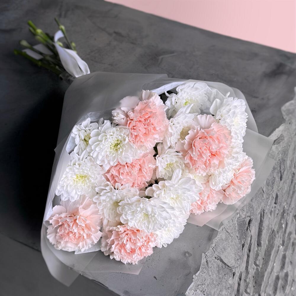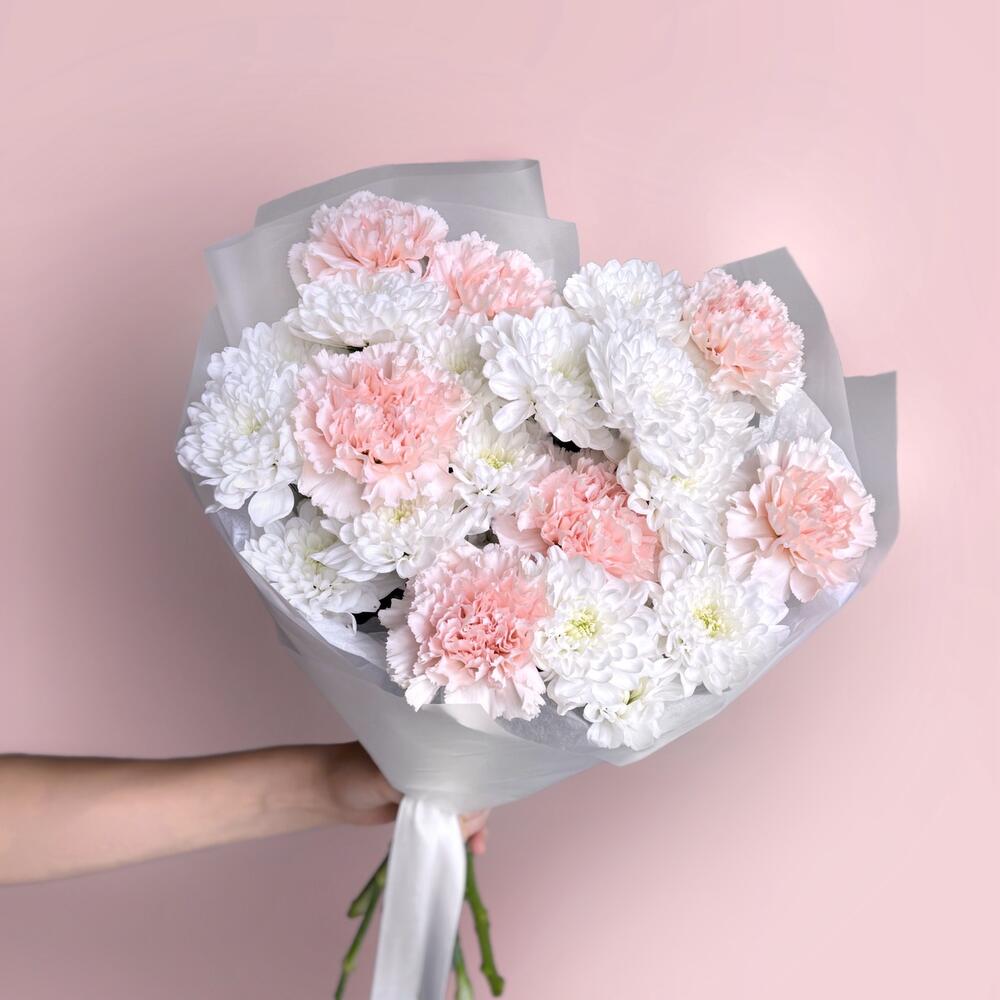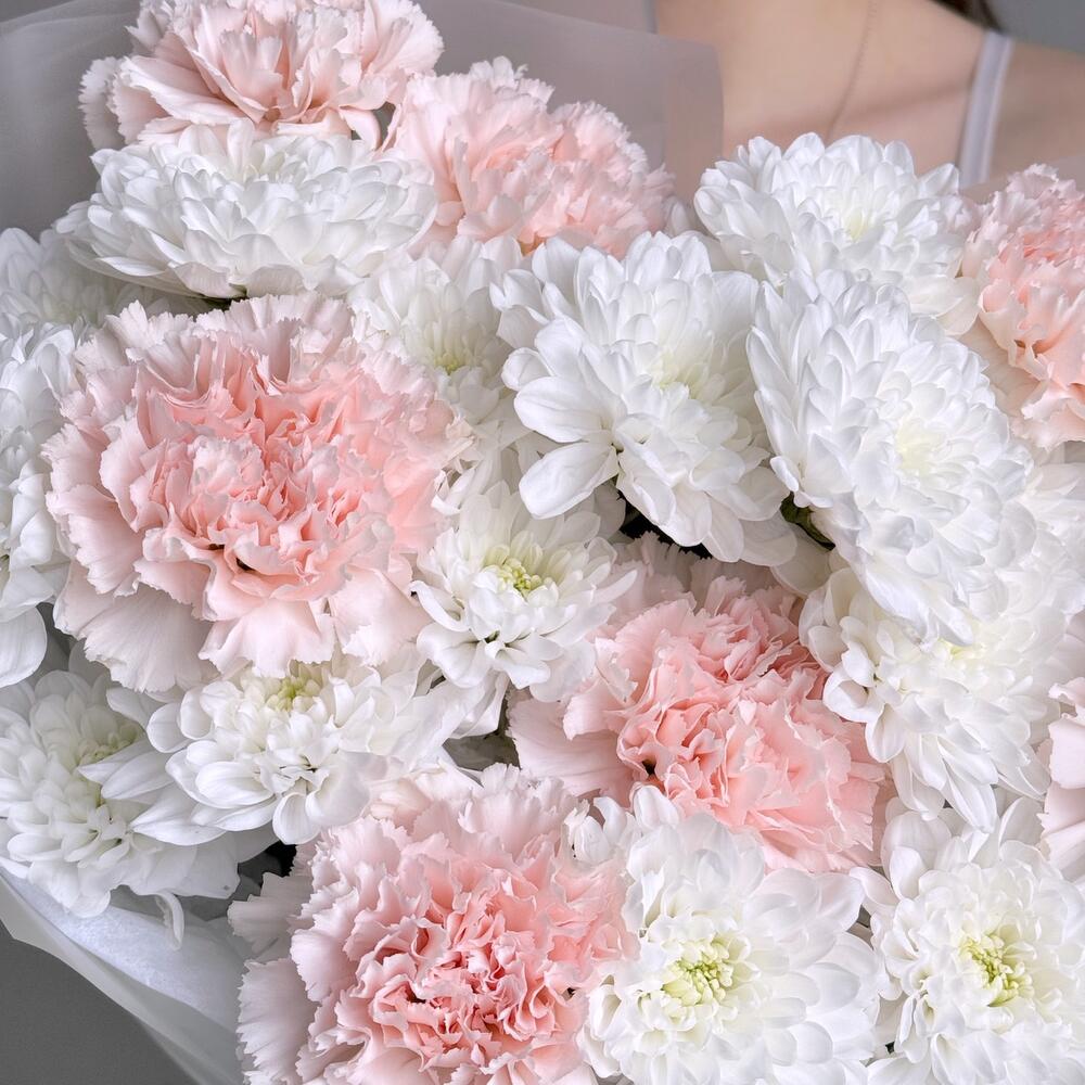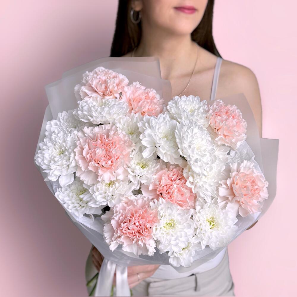 Воздушный нежный букет розовый диантус и кустовая хризантема
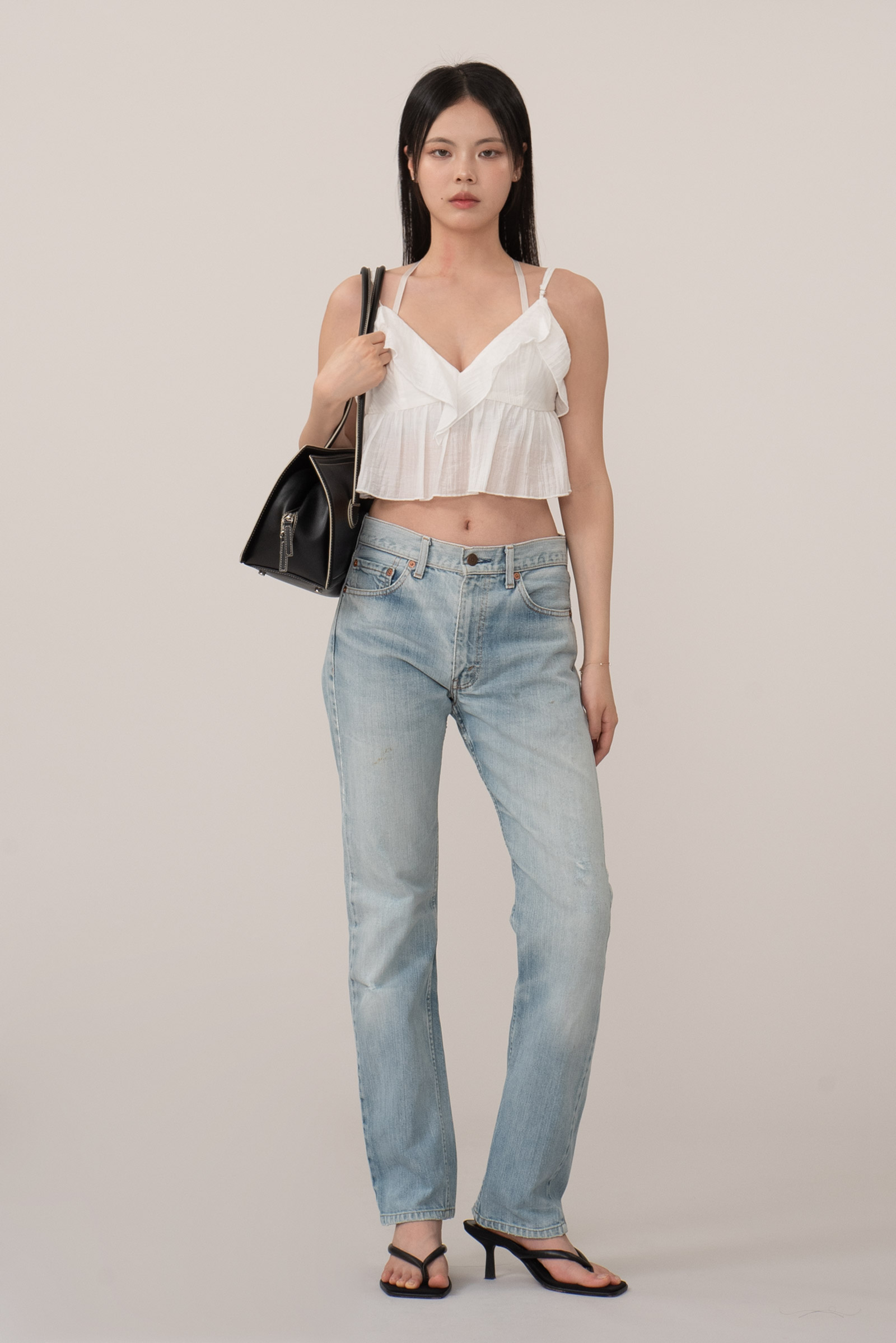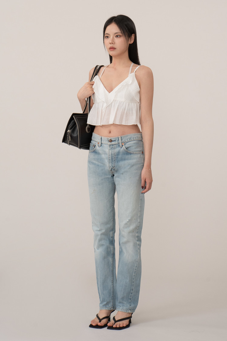 연청 컬러, 워싱과 데미지, 더티 페이딩 등 빈티지한 감성이 가득 담긴 피스로 데일리하게 입기 좋으며 일본산 특유의 세로 데님이 돋보입니다.
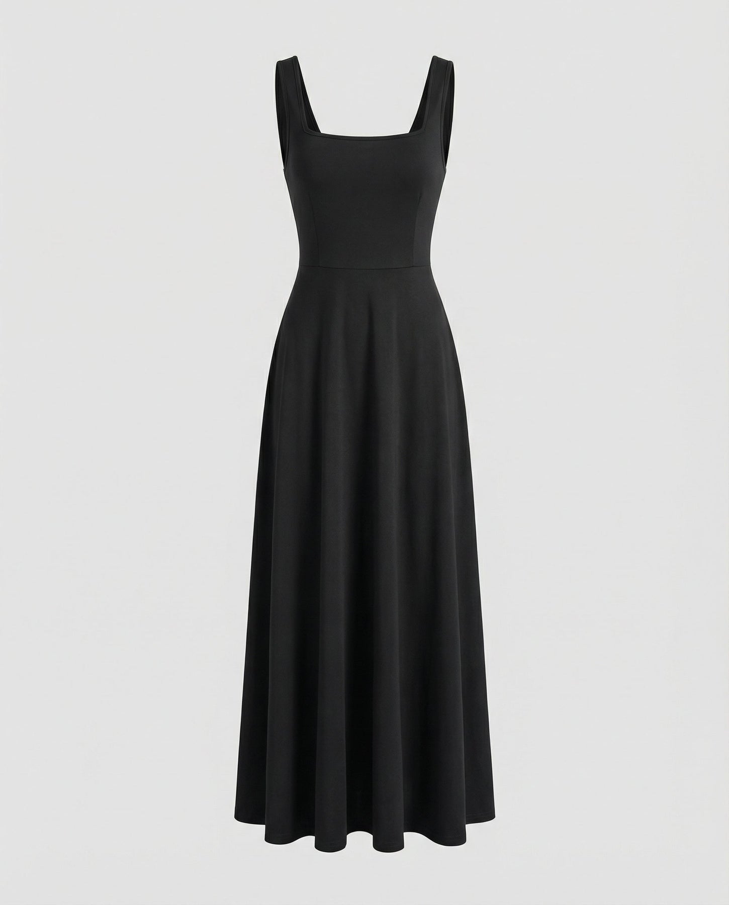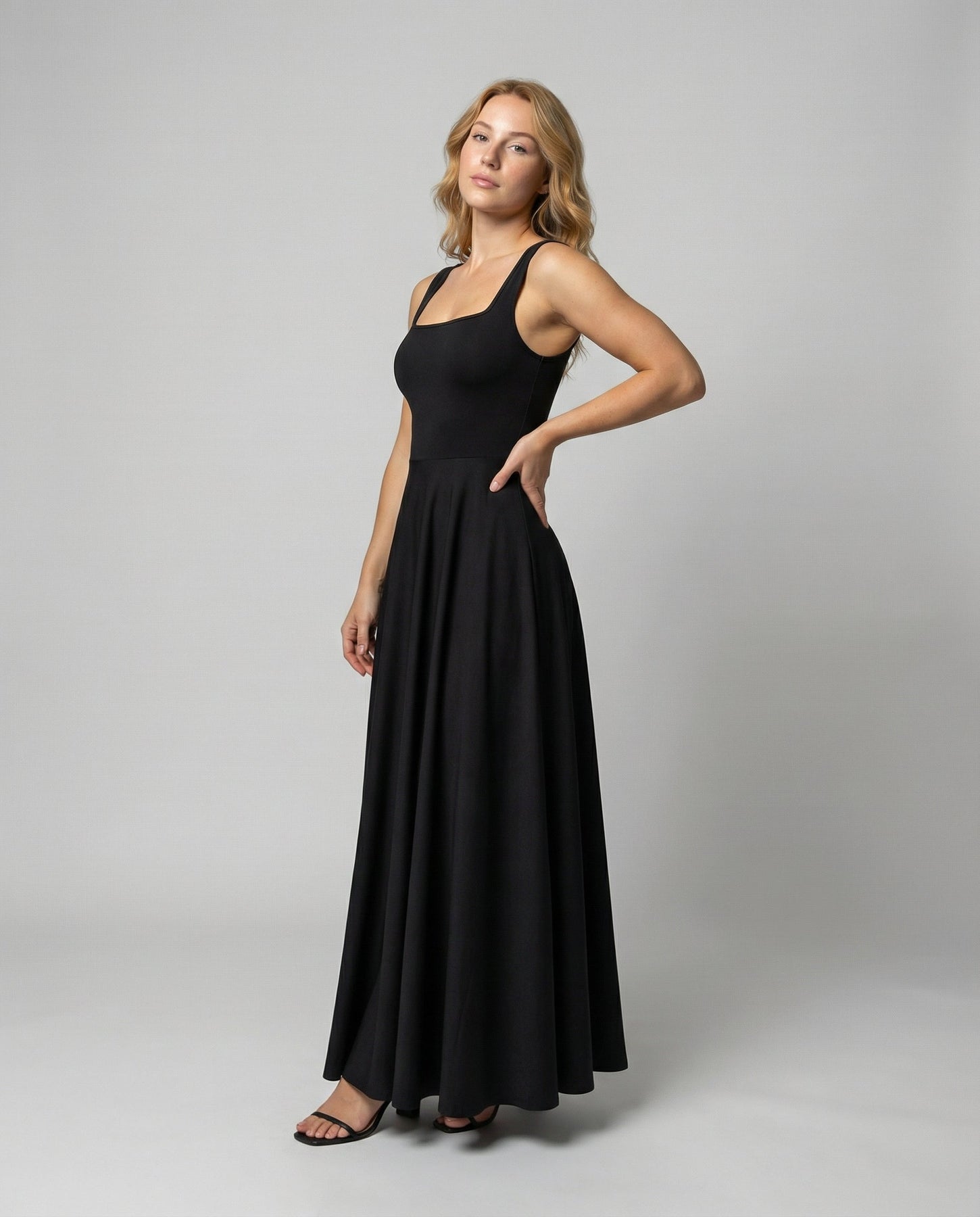 The soft maxi dress for women features a square neckline and a flowing cut that provides elegant comfort. It is perfect for any occasion, from everyday wear to special events.

# # # # # # #

> What you need to do: Give back exactly the lines from the one containing "연청 컬러, 워싱과 데미지, 더티" through the last line above, both included, and none of the pictures.

> Answer section:
 연청 컬러, 워싱과 데미지, 더티 페이딩 등 빈티지한 감성이 가득 담긴 피스로 데일리하게 입기 좋으며 일본산 특유의 세로 데님이 돋보입니다.
 The soft maxi dress for women features a square neckline and a flowing cut that provides elegant comfort. It is perfect for any occasion, from everyday wear to special events.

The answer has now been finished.